The last command will specify 8 MPI processes for 8 cpus on 3 chunks.

Please note, that the default resource request in our cluster is 1 CPU and 1000 MB memory and it may not be sufficient for your application.

Now to the most important point of this guide: how are the requested resources related to your program? The short answer is: they are not! A user may ask for 20 CPUs and 100 GB memory; he will get them and will be charged for those resources. However, it is solely the user’s responsibility to ensure that his application indeed utilizes those resources. Based on this information, you may now understand why the answer to the question: "if I asked for 8 cores, will my Matlab run faster than on my PC?" is "it depends". Your executable has to be capable of utilizing the requested computational resources, and you have to let it know how many CPUs you would like it to use. The exception are MPI-based codes where the mpiprocs keyword creates a special file for the mpirun command to read.

Now, suppose we have a program that can utilize 24 cores and 18 GB of memory. What else do we need in our submission script?

Most importantly, we need to specify a queue:

#PBS -q

Note: if you don’t specify a queue, sleep queue will be set by default.

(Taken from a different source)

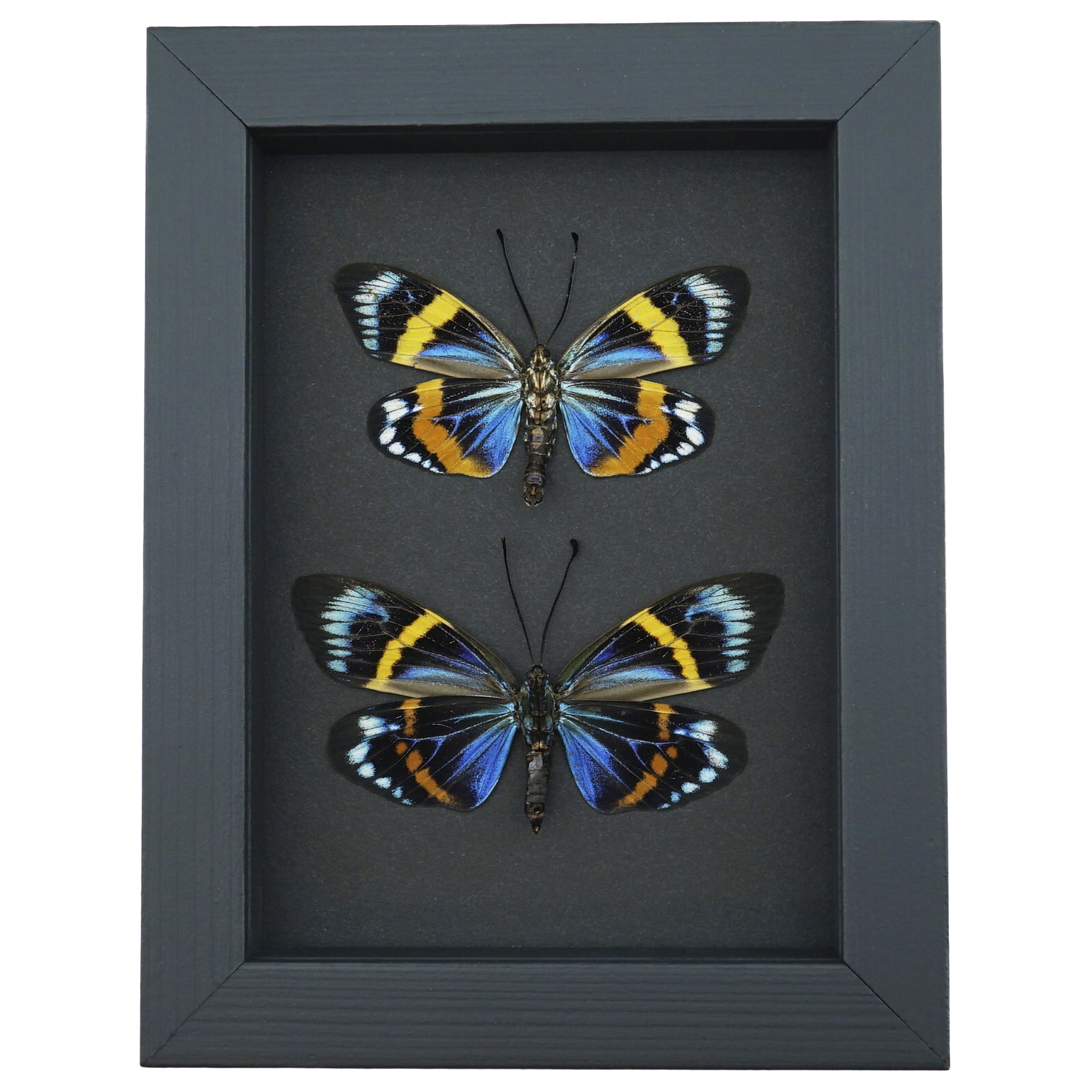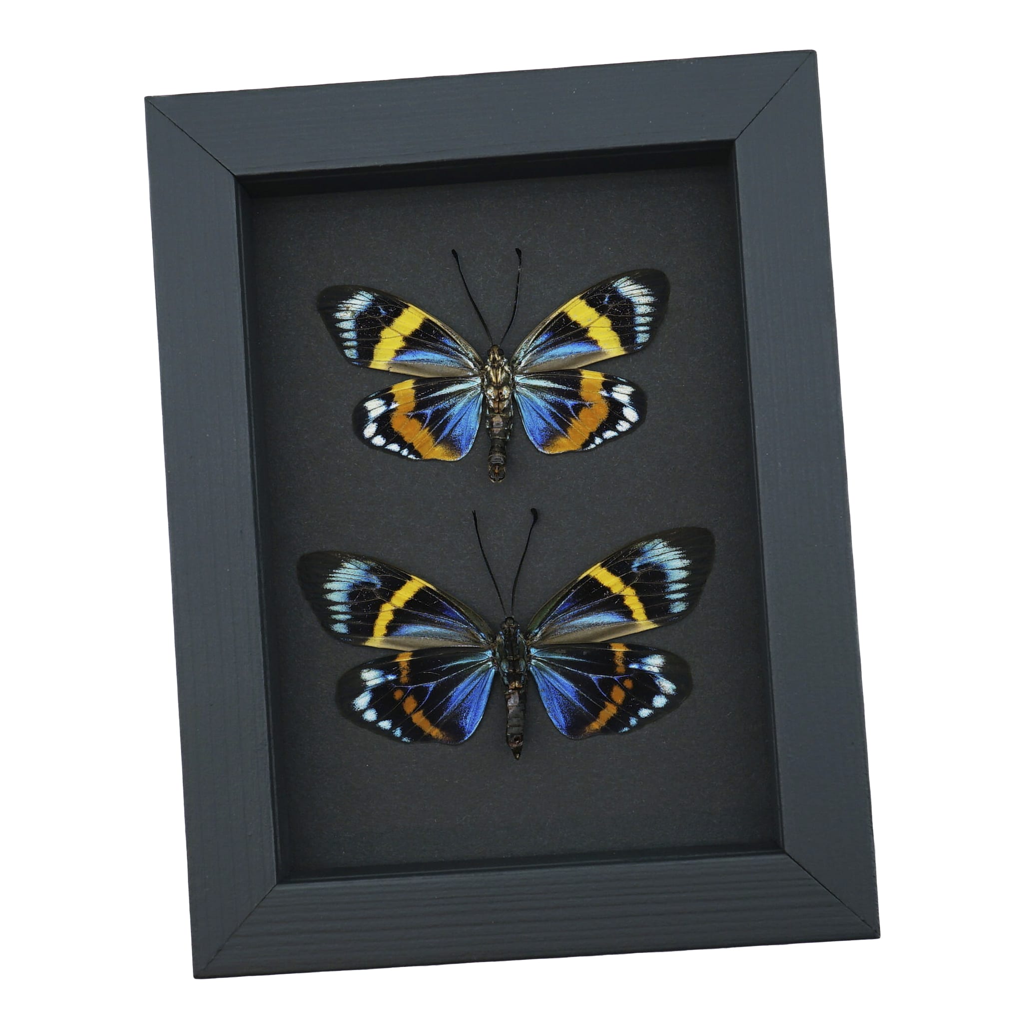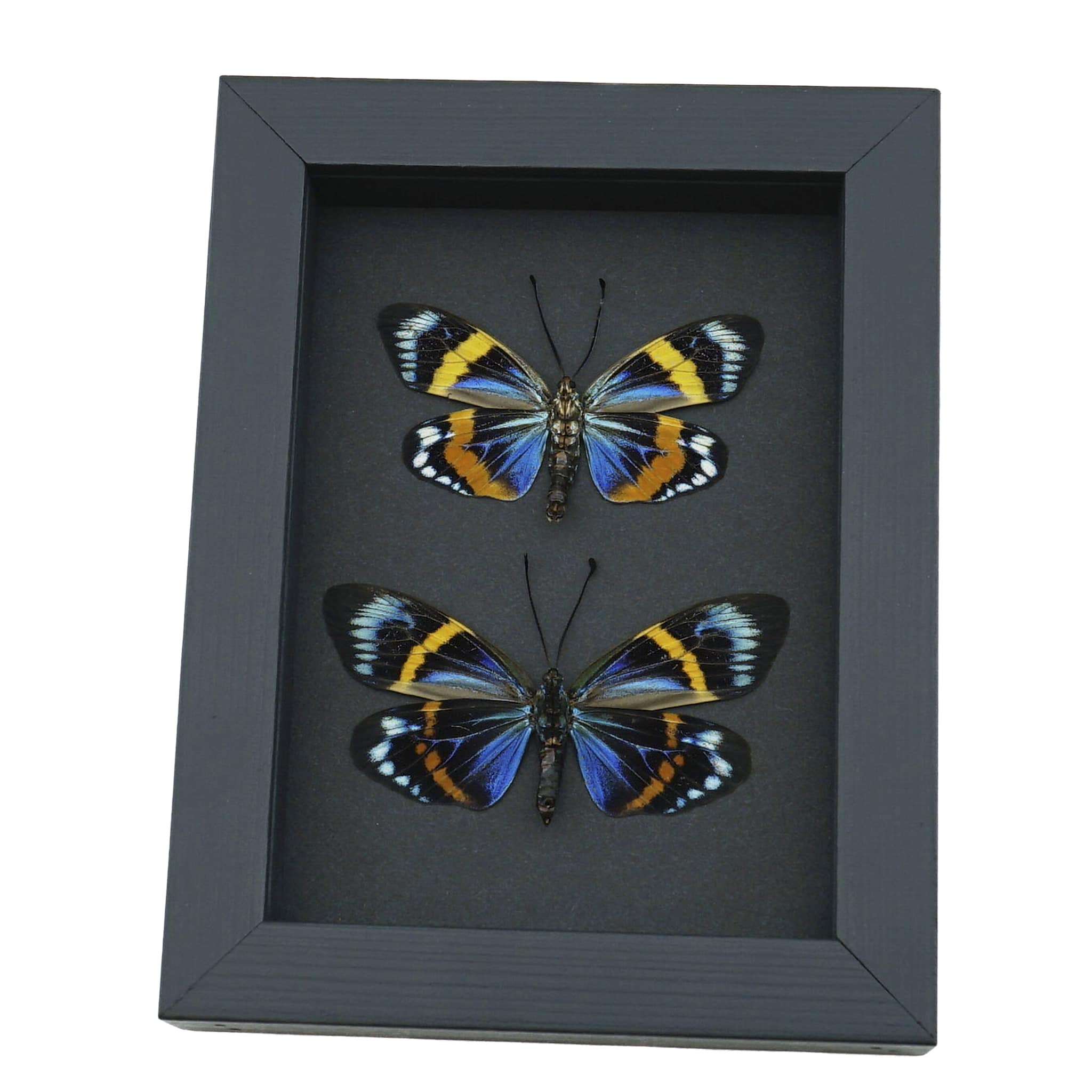 Description: Stunning pair of verso mounted metallic blue and orange hard to get male female day flying moths from India. These Amazing electric blue and orange day flying moths have amazing colors!

It is a good idea to give a distinguishable name to a job. This will make your life easier:

#PBS -N

It would also be nice to receive an email notification upon job begin and job end:

#PBS -m eb

and unless you want to manage another inbox, it is standard practice to specify where this mail should arrive:

#PBS -M my.mail@somewhere.com

Since the job is non-interactive, the standard output and standard error will be redirected to files named “job_name.o{job_id}” and “job_name.e{job_id}” respectively. You may prefer to combine everything in a single file. In this case add the following option:

#PBS -j oe

Note: the files above are located in the /var partition on the compute nodes and which has limited capacity. Therefore, if your application has massive standard output and/or standard error it is a good idea to redirect them to a file in your work directory. For the standard output:

./my_program > std_out.file

For the standard error:

./my_program 2> std_err.file

For the both standard output and error:

./my_program 2>&1> std_out_and_err.file

In order to discuss the next option, we first need to expand of fair-use of computation allocations. Chemfarm is a shared (“public”) resource, and a user is generally allowed to use resources primarily allocated to others on a free-space basis. Therefore, a job that is above user- or group allocation may be suspended - status="S". If the exact same resources become free again, the job will try to resume from the same state it was before the suspension. However, jobs that remain suspended for more than one hour will either be killed, and could be (by default) automatically re-queued. In other words, the job will reenter the queued state with the same job number and once it starts, it will start from the beginning. The user is responsible to make sure such a restart does not overwrite any file that might be needed by him later. In order to prevent the re-queue mechanism, include the following directive in the job script.

#PBS -r n

Based on previous experiences, these PBS options are the most important and useful one. Nevertheless, there are many more available, and can be found here. Useful quick guide is here.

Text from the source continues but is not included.